Participants who are randomized in the active arm will receive a BCG vaccine (BCG-Denmark, AJ
Vaccines, http://www.produktresume.dk/AppBuilder/login.html). The BCG vaccines will be
handled in full compliance with the requirements of the Summary of Product Characteristics
(SPC). Placebo will be 0.1 ml sterile 0.9 % NaCl, which has a similar color as the
resuspended BCG vaccine.
All participants will receive one injection at inclusion. No further treatment of study
participants will take place. BCG will be administered in the upper arm, intradermally, 0.1
ml of the suspended vaccine. Placebo will be administered in the upper arm, intradermally,
0.1 ml of sterile 0.9 % NaCl solution.
STUDY PROCEDURES The trial will be presented at information meetings and in relevant media,
local newspapers and homepages and newsletters of the activity houses.
Citizens wishing to participate will be given written information and will be booked for an
interview.
Day of inclusion (day 0) Study physicians, who are trained in good clinical practice and in
providing intradermal vaccines, will be responsible for the inclusion of study participants.
Informed consent will be obtained from all participants. Background information on
participants will be collected in an electronic case report form system (REDCap). A blood
sample of 5 ml will be drawn for subsequent testing for SARS-CoV-2 antibodies.
Randomization and blinding The study will be individually randomized, and placebo controlled.
Randomization will be done using the REDCap tool with stratification per sex and age groups
(65-74/75+ years of age) in randomly selected block sizes of 4 and 6.
The participant will be blinded to the treatment.
Day of inclusion till end of trial A short electronic questionnaire regarding health,
symptoms and potential side effects will be sent to the participants biweekly.
End of trial Participants are asked to fill in a final questionnaire. A blood sample of 5 ml
will be drawn for subsequent testing for SARS-CoV-2 antibodies.
The end of the trial is defined as whichever comes latest: The last participants last
registration in the online data collection, or 365 days. When the study is ended, all
participants receive an email with information about the intervention that they have received
(BCG/placebo).
STATISTICAL ANALYSIS The primary endpoint "acute infection" will be analyzed as a recurrent
time-to-event using an Andersen-Gill Cox proportional hazards regression model with time
since inclusion as underlying time scale.
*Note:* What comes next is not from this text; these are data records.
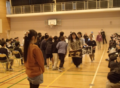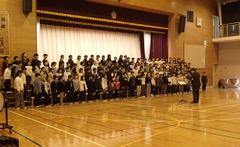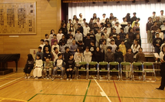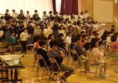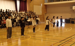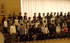 6年生は、中小ステージの日に職員室の壁に飾られている学年写真を撮影することになっています。給食の後、アリーナに集合して写真を撮影しました。職員室の壁の写真がまた1枚増えます。今日の給食は「ごはん・サバの塩焼き・味噌汁・五目豆・牛乳」です。今日は第2回の学校運営協議会があり、中休みに「中野島プロジェクト(NP)」の児童が校長室に来て、中野島小の色々な活動について委員さんに説明してくれました。運営協議会委員さんは、その後、4・5・6年の歌や合唱を参観されました。
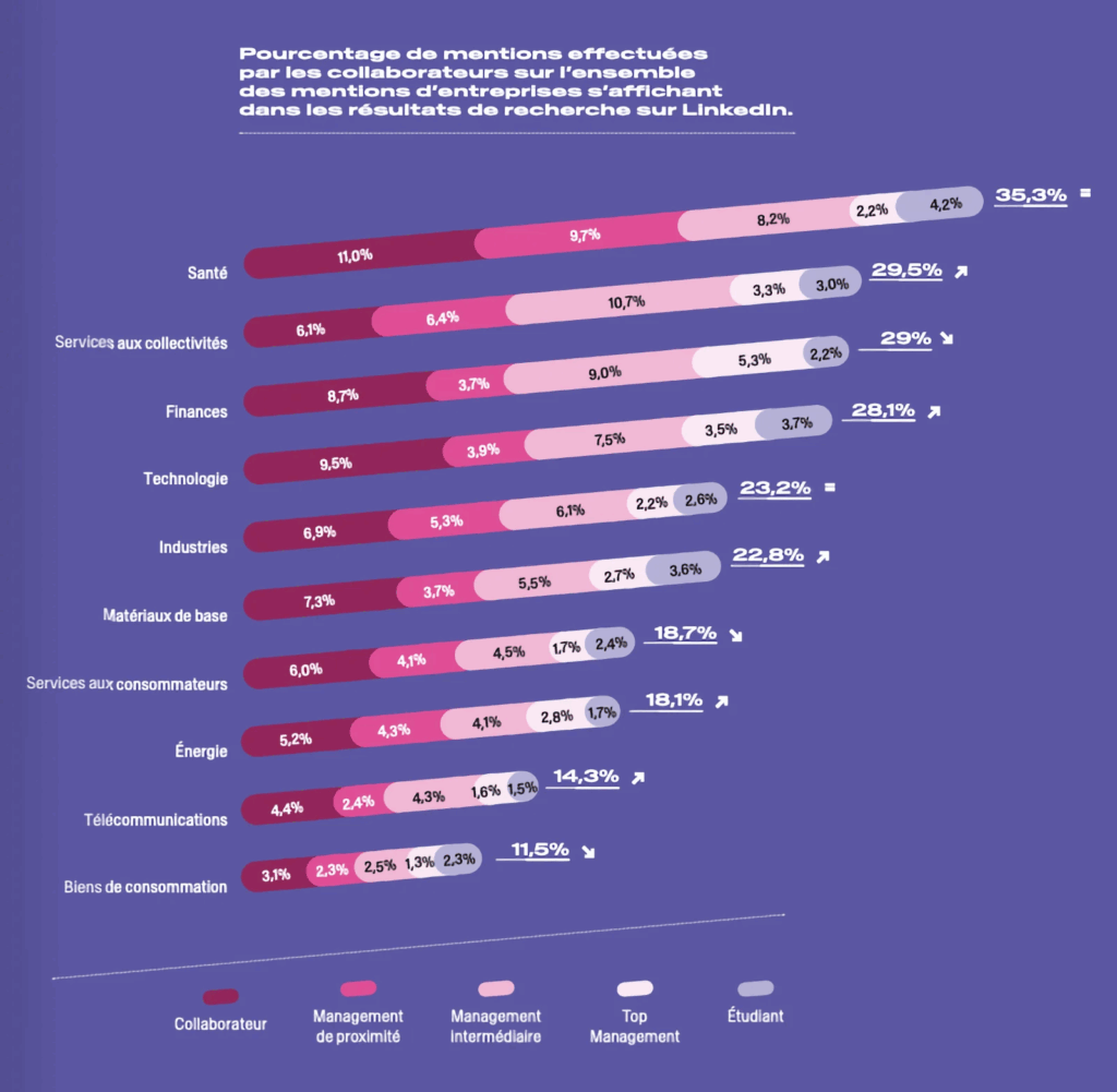 Autrement dit: les collaborateurs s’expriment beaucoup moins sur LinkedIn au sujet de leur employeur, et ce, quel que soit le secteur.
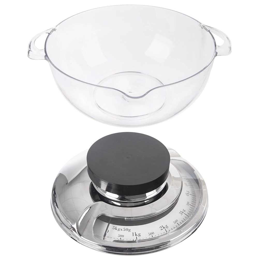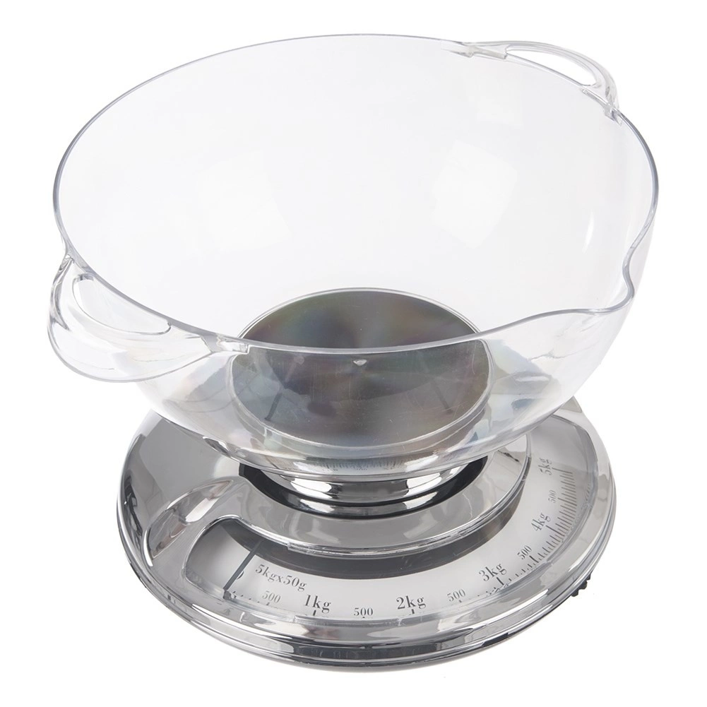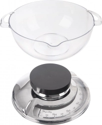Cântarul de bucătărie mecanic, cu bol detașabil și sarcină maximă de 5 kg, este un ajutor de încredere pentru copt și gătit. Oferă măsurare analogică ușor de citit în unități g și kg, gradație precisă și funcționare fără baterii. Bolul încăpător de 2,2 l, cu cioc turnător și mânere, ușurează lucrul, iar padurile antiderapante asigură stabilitatea și protecția blatului de lucru.
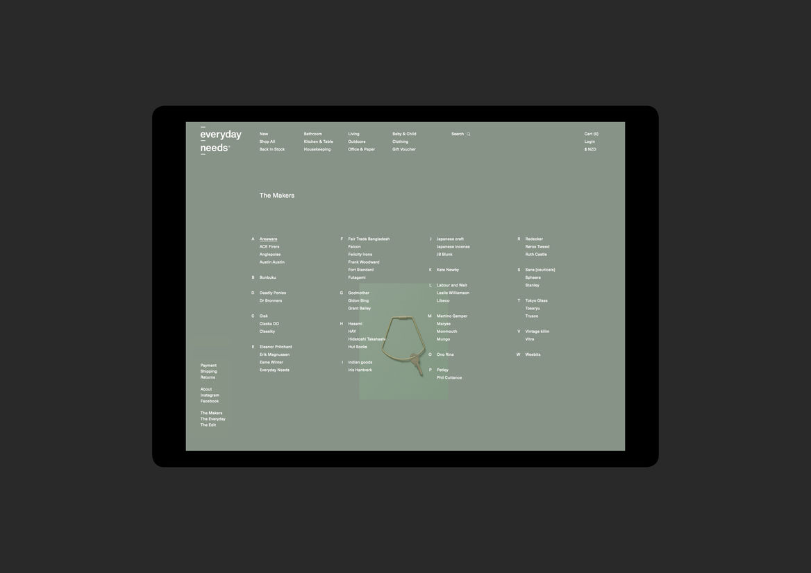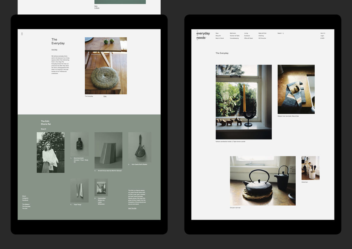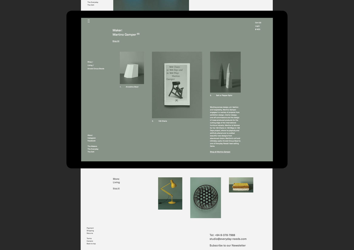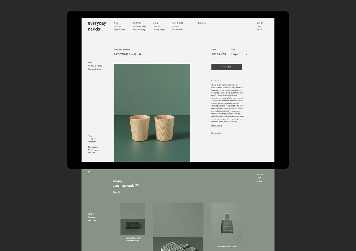 Digital Digital Campaigns Digital Products E-Commerce Websites (new 2024) Game Design Installation & Exhibition Large Scale Websites Small Scale Websites Student Digital User Experience (archived 2022) Animation Digital — formerly Interactive (2010–2019) Film Graphic Moving Image (archived 2025) Product Social Good Award Spatial Toitanga Value of Design Award User Experience Award (archived 2019) All categories Digital Campaigns Digital Products E-Commerce Websites (new 2024) Game Design Installation & Exhibition Large Scale Websites Small Scale Websites Student Digital User Experience (archived 2022) All years 2025 2024 2023 2022 2021 2020 2019 2018 2017 2016 2015 2014 2013 2012 2011 2010 Studio A-Z 1/1 Studio 12 Everyday Needs 2018 Small Scale Websites Credits Pou Auaha / Creative Director Natasha Mead Ngā Kaimahi / Team Members Natasha Mead, Natalie Thomson, Joe Swann Kaitautoko / Contributor Neeve Woodward Client Everyday Needs

Analyses will be done stratified by the block
randomization variables sex and age group.
The secondary endpoint self-reported respiratory illness will be analyzed the same way as the
primary endpoint. The other secondary outcome verified SARS-CoV-2 infection will be analyzed
in a standard Cox proportional hazards model, but otherwise as described above.
When applicable (i.e. in the event that one or more participants have died during the
follow-up period) a competing events analysis will be performed in addition (Fine-Gray
model).
SAMPLE SIZE CALCULATION With an expected incidence of "acute infection" of 20% the trial can
show a 25% reduction in the risk of acute infection in the intervention group versus the
placebo group by including a total of 1890 individuals, 945 individuals in each group.
Biological: BCG-Denmark
Mycobacterium bovis BCG live attenuated BCG-Denmark vaccine (AJ Vaccines, Copenhagen, Denmark) administered by intradermal injection in the left deltoid region.
Other Name: Array
Biological: Saline
Participants randomized to the control group will receive one 0.1 ml dose sterile 0.9 % NaCl by intradermal injection in the left deltoid region.
Other Name: NaCl
Inclusion Criteria:
• In order to be eligible to participate in this study, a subject must meet the following
criteria: ≥65 years old.
Exclusion Criteria:
- Known allergy to (components of) the BCG vaccine or serious adverse events in relation
to prior BCG administration
- Previous Mycobacterium tuberculosis (M. tuberculosis) infection or known active or
latent infection with M. tuberculosis or other mycobacterial species
- Previous confirmed COVID-19 infection
- Fever (>38 C) within the past 24 hours or suspicion of active viral or bacterial
infection
- Vaccination with other live attenuated vaccine within the last 4 weeks
- Severely immunocompromised subjects. This exclusion category comprises:
- Subjects with known infection with the human immunodeficiency virus (HIV)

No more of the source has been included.